Black-spotted cuscuses have round heads with a short, pointed snout. The frontal skull bones are convex, which gives them their bulging forehead, and they have a large sinus that is closed off from the nasal cavity. In black-spotted cuscuses, the basioccipital and alisphenoid bones in the skull create a well-developed structure earlier than in other Phalangeridae. Their eyes are characterized by large, vertically split pupils that are useful for their nocturnal lifestyle. There is fur lining the inner ears, which are almost invisible. Black-spotted cuscuses can be distinguished from other cuscuses by their teeth. They have low crowns and small premolars that lie anterior to the primary premolar in the upper jaw. In addition, they have a prominent protocone on their first, upper molars.

They have arched front claws that are pointed acutely for the purpose of climbing. The first two digits on these foreclaws are opposable to the other three digits. The toes of the hind feet have adapted to grasp objects and branches; the opposable big toe has no claws, while the smaller second and third toes are fused together.

Black-spotted cuscuses primarily use their tails for grasping. They are naked at the tip, and the underside of the tails are streaked with calluses for ease of picking up items such as food.

==Behavior==
Spilocuscus rufoniger are endotherms. The black-spotted cuscuses are primarily arboreal; they only descend to the ground periodically. Being nocturnal creatures, they rest in a curled position on high branches throughout the day. Naturally, they are sluggish creatures with predominantly solitary lifestyles. Feeding and nesting is performed individually. Interactions and encounters between individuals of this species typically involve aggression. There have been no reports of arboreal predators in the habitats of the black-spotted cuscus.

===Reproduction===
Little is known regarding the mating behavior of black-spotted cuscuses.
Courting is typically performed on tree limbs. Black-spotted cuscuses produce offspring via sexual reproduction. They are viviparous, with the mother birthing live young.

===Parental care===
The mother possesses a pouch that functions in nursing and protecting her altricial neonates. Little else is noted in regards to the parental investment and care of the black-spotted cuscus.

===Diet===
Little is known about the dietary habits of this species. They are believed to be omnivores that consume small animals. In addition, they feed upon fruits, leaves, nuts.

==Population==
From 1982 to 1990, the International Union for Conservation of Nature (IUCN) stated that the species was "Rare". This was until its status was changed to "Vulnerable" in 1994 and then to "Endangered" in 1996. According to the IUCN, the black-spotted cuscus has been classified as Critically Endangered since 2010. The population of this species is drastically declining due to human disruptions.
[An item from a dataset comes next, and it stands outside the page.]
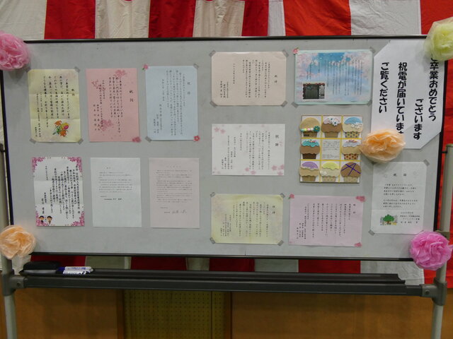 卒業生にたくさんの方々から心温まる祝福のメッセージをいただきました。

The expansion of human populations has led to the conversion from forestry to cultivated land for agricultural purposes. For instance, there has been an influx of Javan people into Papua New Guinea, which destroys the habitats of the black-spotted cuscuses and contributes to their decline.

Currently, plans for oil palm activities and logging concessions are underway in locations that are home to the black-spotted cuscus. International trade has also inhibited the biodiversity on the island of Papua New Guinea. Papua New Guinea has high exportation rates, which serves as a threat to the species.

The main threat to the black-spotted cuscus is overhunting. Due to its large size in comparison to other marsupials, it is frequently hunted for its meat. In addition, its dense, colorful fur makes it favorable for capes and headwear. The existence of the black-spotted cuscus in a limited environment makes it an easy hunting target.

==Conservation status==
Currently, there are no existing national parks in Papua New Guinea to protect this species. However, to address the critical endangerment status, a management area has been built in Papua New Guinea, and there are numerous areas in Indonesia that the black-spotted cuscuses can inhabit for protection.
To further address the problem, hunting restrictions and public awareness need to be implemented.